:: Task requirements ::
Pictures are not part of the copy. Set down exactly the lines from the one containing "Теперь сформировать конец" through the last line of the material below.

:: Given information ::
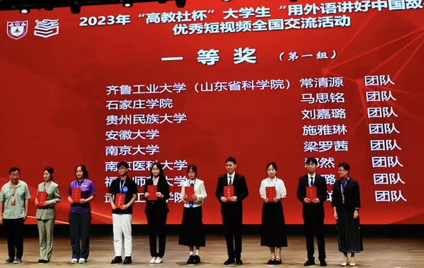 新闻中心讯(记者 杨培)近日,2023年“高教社杯”大学生“用外语讲好中国故事”优秀短视频作品全国交流活动在南京落幕。由pg电子官方网站经济与商务外语学院2021级学生齐龙飞、文法学院2021级学生石元惠、柏为民、张宇霄、郑灿灿提交的作品荣获全国一等奖,创造了湖北省高校选手在本次活动中的最佳成绩;管理学院2022级学生董炆璐、王禹豪、范梦杰、黄杰提交的作品荣获湖北省一等奖。学校还荣获全国优秀组织单位奖。
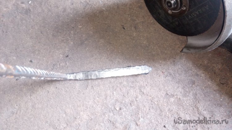 Теперь сформировать конец крюка. Я люблю, если он заострённый. Так им легче отбивать прогоревшие угли с толстых полен:
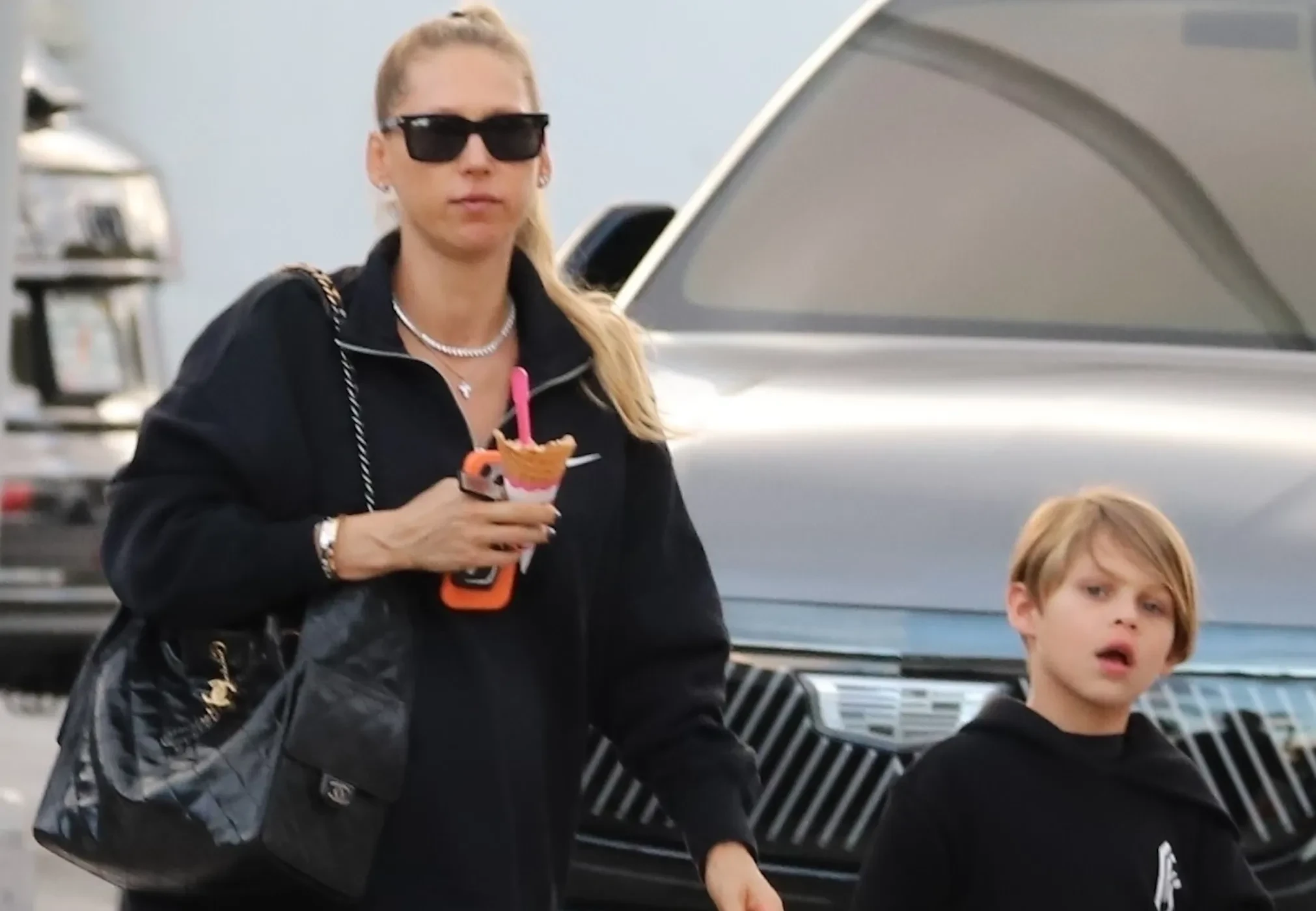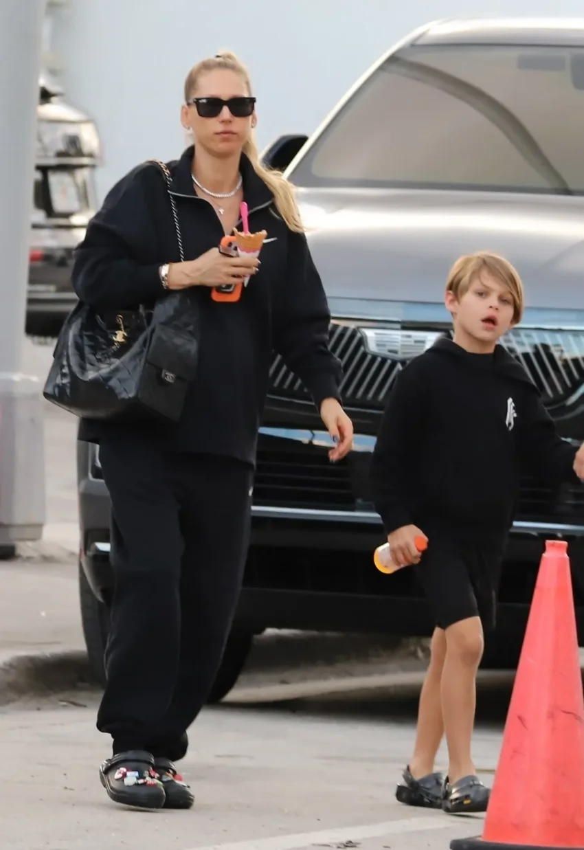 Накануне звезду тенниса засняли, когда она забирала семилетнего сына Николаса из школы. Анна была одета в чёрные спортивные брюки, свитер и кроксы. Образ дополнили солнцезащитные очки и, как всегда, сумка Chanel, а в руках Анна держала мороженое.

:: Output below ::
 Теперь сформировать конец крюка. Я люблю, если он заострённый. Так им легче отбивать прогоревшие угли с толстых полен:
 Накануне звезду тенниса засняли, когда она забирала семилетнего сына Николаса из школы. Анна была одета в чёрные спортивные брюки, свитер и кроксы. Образ дополнили солнцезащитные очки и, как всегда, сумка Chanel, а в руках Анна держала мороженое.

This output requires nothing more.